Records from a dataset
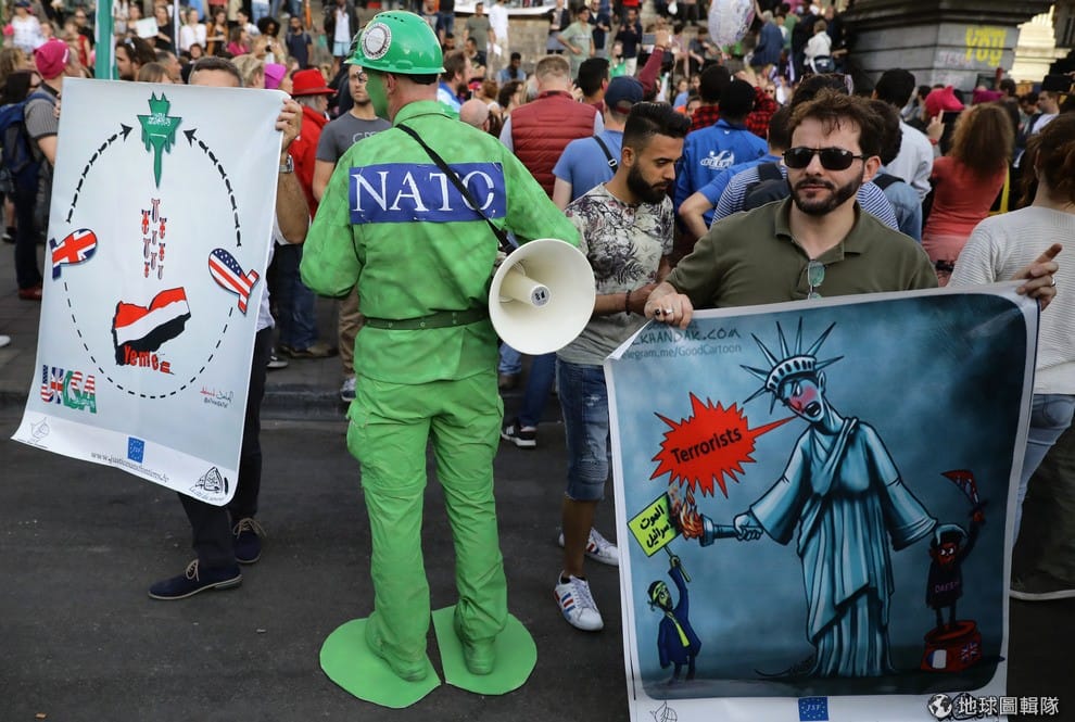 NATO的存在充滿爭議,今年NATO高峰會會場外不乏抗議民眾,將周遭包圍地水洩不通,抗議帶領NATO的英美國家擁有的強大武力威脅世界和平。
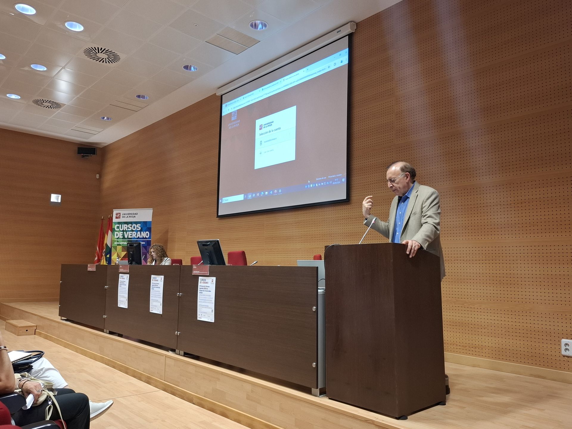 Ana Ganuza, durante el acto de inauguración, expresó que "es un honor dirigirme a quienes están aquí en la inauguración de este IX Curso de Verano de la Universidad de La Rioja, que trata un tema crucial para nuestro presente y futuro: el desarrollo sostenible a través de la promoción de sociedades justas, pacíficas e inclusivas, en un mundo marcado por conflictos y crisis interrelacionadas como la crisis social, económica, la desigualdad creciente, el empleo, los cuidados, los recursos, la biodiversidad y el cambio climático".
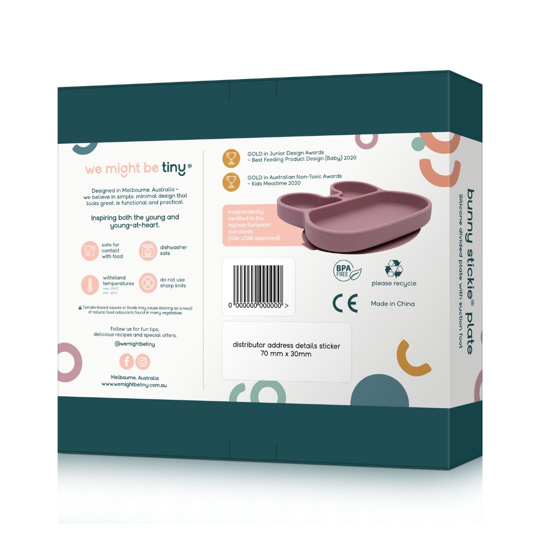 The award-winning bunny stickie® silicone suction plate lets you neatly portion your foodie creations in three sections – instantly spoiling your fussy eater with a personal three course delight. It is easily secured to almost any solid surface with its super suction base, withstanding even the most determined baby or toddler. Made of premium food-grade silicone, this versatile and durable product is dishwasher, oven and microwave safe (up to 230°C), as well as freezer friendly (up to -40°C). Enjoy newfound confidence that your little one’s plate won’t go flying across the kitchen. Proudly designed in Australia.
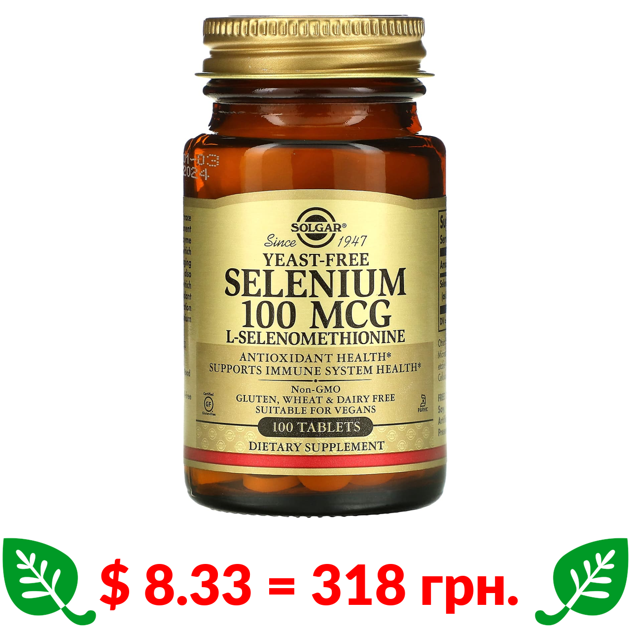 $ 8.33 = 318 грн. Solgar, Selenium, Yeast-Free, 100 mcg, 100 Tablets
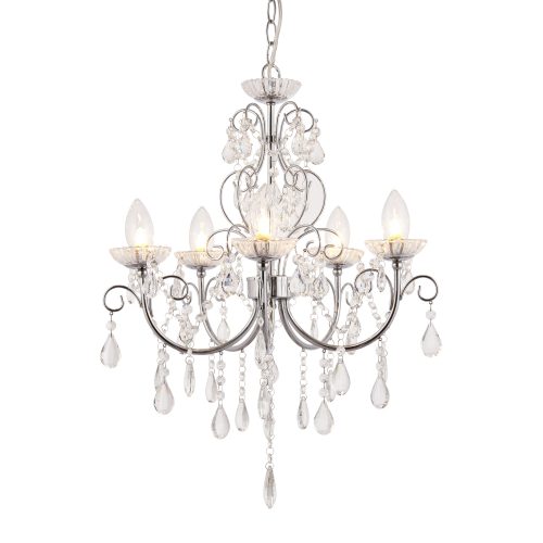 The Tabitha 5 light semi flush ceiling fitting is finished in a chrome effect plate with clear crystal glass detail and droplets. IP44 rated so suitable for use in the bathroom, dimmable and suitable for use with LED lamps. Matching items available
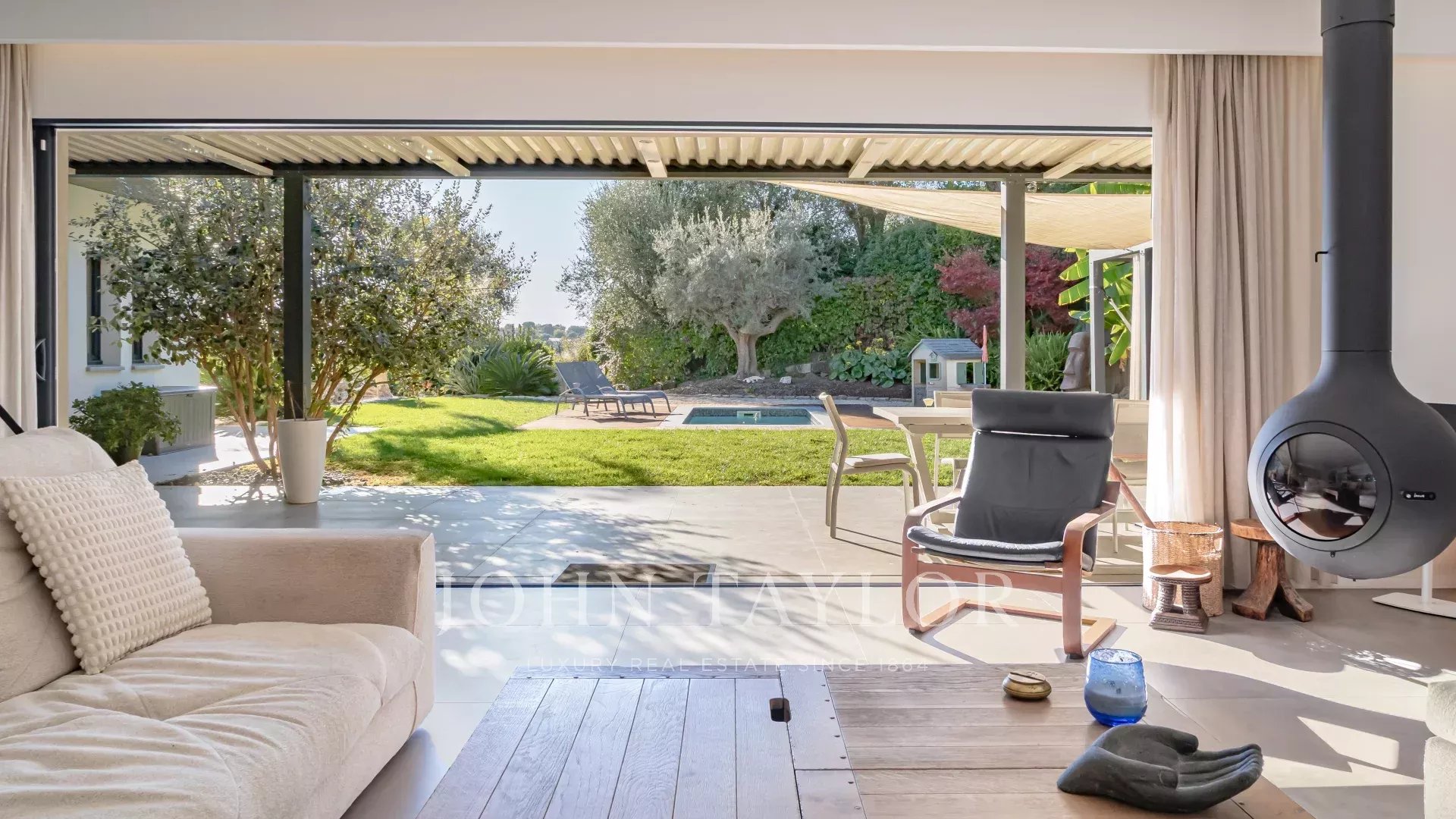 Beautiful contemporary single-storey villa, in a private gated domaine, set in a privileged location overlooking the protected Domaine des Aspres. Recently built, the property has been finished to a high standard both inside and out, creating a serene and relaxing atmosphere in complete tranquillity. Thoughtfully designed, the villa enjoys open views throughout.

[TASK OBJECTIVE] Give the lines again word for word, from the start of the records to the line holding "Ana Ganuza, durante", both included, and leave out any picture.

[WRITTEN RESPONSE]
 NATO的存在充滿爭議,今年NATO高峰會會場外不乏抗議民眾,將周遭包圍地水洩不通,抗議帶領NATO的英美國家擁有的強大武力威脅世界和平。
 Ana Ganuza, durante el acto de inauguración, expresó que "es un honor dirigirme a quienes están aquí en la inauguración de este IX Curso de Verano de la Universidad de La Rioja, que trata un tema crucial para nuestro presente y futuro: el desarrollo sostenible a través de la promoción de sociedades justas, pacíficas e inclusivas, en un mundo marcado por conflictos y crisis interrelacionadas como la crisis social, económica, la desigualdad creciente, el empleo, los cuidados, los recursos, la biodiversidad y el cambio climático".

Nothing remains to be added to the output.